[R] ROC curve in R

Sat Aug 4 01:09:20 CEST 2007

On Thursday 26 July 2007 10:45, Frank E Harrell Jr wrote:
> Dylan Beaudette wrote:
> > On Thursday 26 July 2007 06:01, Frank E Harrell Jr wrote:
> >> Note that even though the ROC curve as a whole is an interesting
> >> 'statistic' (its area is a linear translation of the
> >> Wilcoxon-Mann-Whitney-Somers-Goodman-Kruskal rank correlation
> >> statistics), each individual point on it is an improper scoring rule,
> >> i.e., a rule that is optimized by fitting an inappropriate model.  Using
> >> curves to select cutoffs is a low-precision and arbitrary operation, and
> >> the cutoffs do not replicate from study to study.  Probably the worst
> >> problem with drawing an ROC curve is that it tempts analysts to try to
> >> find cutoffs where none really exist, and it makes analysts ignore the
> >> whole field of decision theory.
> >>
> >> Frank Harrell
> >
> > Frank,
> >
> > This thread has caught may attention for a couple reasons, possibly
> > related to my novice-level experience.
> >
> > 1. in a logistic regression study, where i am predicting the probability
> > of the response being 1 (for example) - there exists a continuum of
> > probability values - and a finite number of {1,0} realities when i either
> > look within the original data set, or with a new 'verification' data set.
> > I understand that drawing a line through the probabilities returned from
> > the logistic regression is a loss of information, but there are times
> > when a 'hard' decision requiring prediction of {1,0} is required.

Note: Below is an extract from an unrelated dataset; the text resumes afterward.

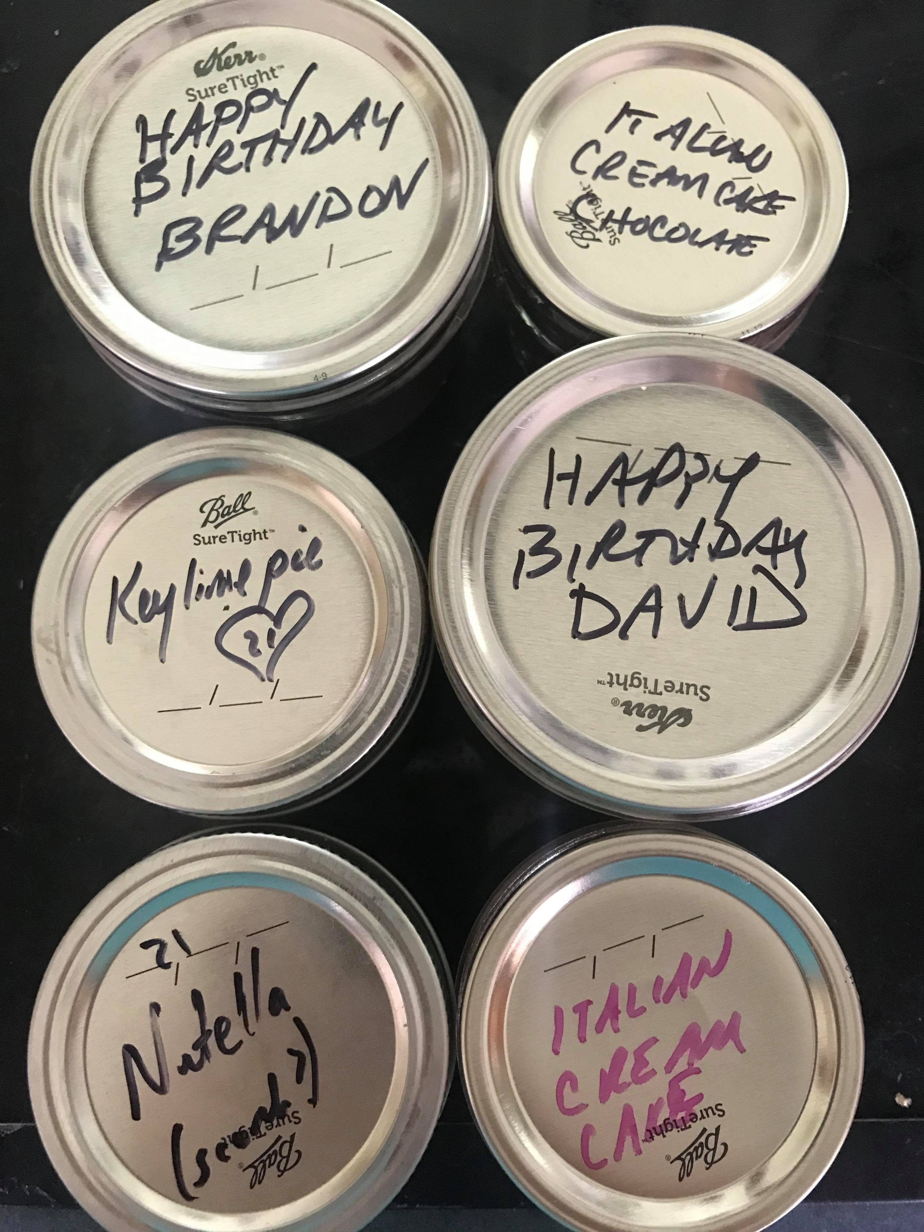 Throughout the pandemic, we had weekly Zoom meetings, sometimes joined by friends Barbara and Oliver in Britain. But it’s not the same as face to face. Since we missed several birthdays, plus the Thanksgiving Holiday we often tend to spend together at a resort after family duties are accomplished, I made each of them their favorite desserts as presents for the in-between ones. Because Susan is also a cancer survivor and she and David are on restrictive diets, I made them in little individual jars of 4 ounces, so each is a personal one-serving, shelf-stable and ready to eat on demand.

I have
> > found that the ROCR package (not necessarily the ROC Curve) can be useful
> > in identifying the probability cutoff where accuracy is maximized. Is
> > this an unreasonable way of using logistic regression as a predictor?

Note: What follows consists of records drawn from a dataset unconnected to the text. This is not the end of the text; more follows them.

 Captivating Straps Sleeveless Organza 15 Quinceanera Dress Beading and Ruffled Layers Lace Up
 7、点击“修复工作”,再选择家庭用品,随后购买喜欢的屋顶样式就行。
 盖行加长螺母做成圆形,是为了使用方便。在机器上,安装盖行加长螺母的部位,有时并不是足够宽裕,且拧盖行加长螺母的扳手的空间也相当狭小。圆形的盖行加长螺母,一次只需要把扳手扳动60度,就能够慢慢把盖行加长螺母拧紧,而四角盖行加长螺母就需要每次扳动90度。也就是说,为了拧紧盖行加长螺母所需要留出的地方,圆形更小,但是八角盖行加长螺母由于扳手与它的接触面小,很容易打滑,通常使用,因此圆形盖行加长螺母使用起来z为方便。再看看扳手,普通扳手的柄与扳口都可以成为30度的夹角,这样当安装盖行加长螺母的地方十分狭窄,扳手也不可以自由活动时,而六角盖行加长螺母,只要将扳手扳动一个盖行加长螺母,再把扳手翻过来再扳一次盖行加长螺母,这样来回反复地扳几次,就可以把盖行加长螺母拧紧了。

Thanks for the detailed response Frank. My follow-up questions are below:

> Logistic regression (with suitable attention to not assuming linearity
> and to avoiding overfitting) is a great way to estimate P[Y=1].  Given
> good predicted P[Y=1] and utilities (losses, costs) for incorrect
> positive and negative decisions, an optimal decision is one that
> optimizes expected utility.  The ROC curve does not play a direct role
> in this regard.  

Ok.

> If per-subject utilities are not available, the analyst 
> may make various assumptions about utilities (including the unreasonable
> but often used assumption that utilities do not vary over subjects) to
> find a cutoff on P[Y=1]. 

Can you elaborate on what exactly a "per-subject utility" is? In my case, I am 
trying to predict the occurance of specific soil features based on two 
predictor variables: 1 continuous, the other categorical.  Thus far my 
evaluation of how well this method works is based on how often I can 
correctly predict (a categorical) quality.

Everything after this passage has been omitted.